Yoksa bir oyun arkadaşı mı bu ürkek serçe
dolanıp duruyor penceremde
ve asfaltta biriken yağmur..
ve vazgeçtiğim yol…
ve havaya savrulan toz…
ve az önce sildiğim cümle…
Parmaklarımın ucunda salınan
bir oyun arkadaşı mı şu kurşun kalem,
yazdıkça arınıyor delirmelerden..
Bir oyun bir başka oyuna evrilebilir mi?
Yalnızlığa hak ettiği değeri verirsek…
belki…
Biz geçmişteki yazarlardan, şairlerden devraldık hayatı
O yüzden tuzu üzerindedir yaralarımızın.
‘Ruhi Bey’ler, ‘Kurbağalar’, ‘Tutunamayanlar’
bizimle durup bizimle koşuyorlardı,
hayatta kalmak için bir oyunla besleniyorduk…
çoktandır uzaklaşmıştık oyunlardan
uzaklaştıkça evrilemedik yarınlara..
büyük bir ‘boşver’e doğru sürükleniyorduk son zamanlarda..
Sarkastik bir yalnızlaşma ve sosyal fobi kol kola…

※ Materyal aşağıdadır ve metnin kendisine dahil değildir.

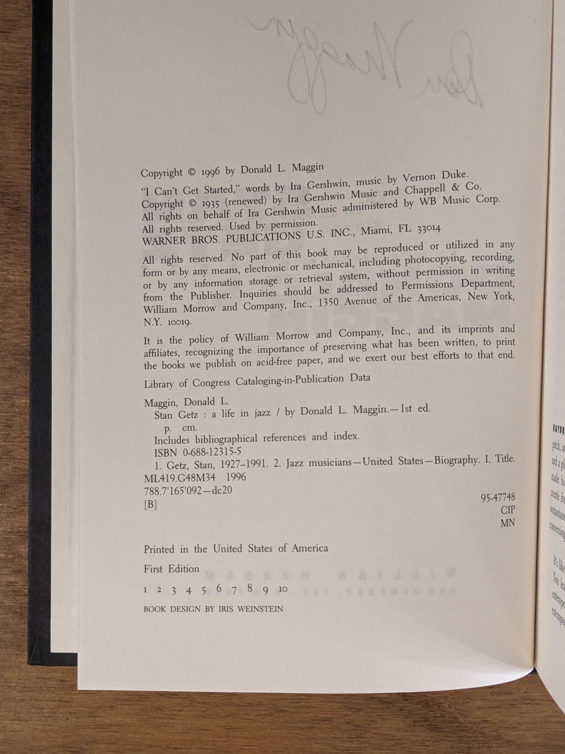 First Printing with complete number line, SIGNED by the author on the title page. An admirable biography of the great tenor saxophonist, a carefully researched, well-written account of Getz's deeply troubled and difficult life, so tragically at odds with an extraordinary musical gift which made him in the words of jazz critic, Gary Giddins, "the defiant romantic of postwar jazz, a modernist of unmistakable yearning lyricism and a virtuoso who dazzled critics and the public alike". In black boards, spine ends slightly pushed, else about fine, clean, tight, unmarked; in a like dust jacket, unclipped, with touch of shelf wear. Quite uncommon signed copy in collectible condition. J100

çoktandır unutmuştuk şiiri,
unutmuştuk bir insanı kırmadan dökmeden sevebilmeyi
çoktandır sarılmaları adettendir diye yapıyorduk…
çoktandır ‘dostluk’ kelime anlamını yitirmişti
çoktandır iyi niyet kaldırılmıştı rafa,
odaklanamıyorduk yürüdüğümüz yola, ağaca, kuşa..
kıvranıyorduk dün ve yarın arasına sıkışmış şimdinin tuzağında
dayanışma nedir unutmuştuk, aşk nedir unutmuştuk..
dijital kusmuklarla birbirimize sataşıyorduk.
Mizah susturulmuştu saldırgan nidalarla
hayat bağımız hırs ve öfkeyle bileniyordu.
derken bir virüs gelip çörekleniverdi göğsümüze…
sormayı öğretti bize ‘niye’ diye…
ne de çok didiklemiştik birbirimizi,
laf yetiştirmeye bulduğumuz gücü,
karşımızdakini anlamaya harcasaydık keşke..
bu şımarık öfkenin, bu sevgisiz körelmenin,
bu derin yalnızlığın esiri olmazdık belki de…
Biz tarihten dersini bir türlü almayan biçare insanlar
nevrotik kelimeler ördük dışımıza..
Şimdiyse durmak için sebepler arıyoruz
sığınmak içinse kendimize ait bir oda…
Sevginin merhametten ayrışmadığı bir göz seyirmesi
ve öfkenin nefrete dönüşmediği bir kırgınlık haliyle…
hiç bir şeyin açıklamasının tek bir nedene dayanmadığı
bir çağın bitişine tanıklık ediyoruz şimdi…
işte güzel insanım
yine de yok olma diye sen,
eğilmesin diye o güzel başın
kederle ıslanmasın diye güzel gözlerin..
hala dönüyor dünya…
bitmesin diye umut.. bitmesin diye oyun…
o çok özlediğin kendine bir sarılıver diye…
neyi kaybettin, neyi unuttun, neyi erteledin bunca zaman?…sor diye…
madem hiçbir şey eskisi gibi olmayacak
öyleyse nefes nefese koşturduğun hayatın tam da bu yerinde
dur ve tek bir nefesini dahi anlamsızca tüketme.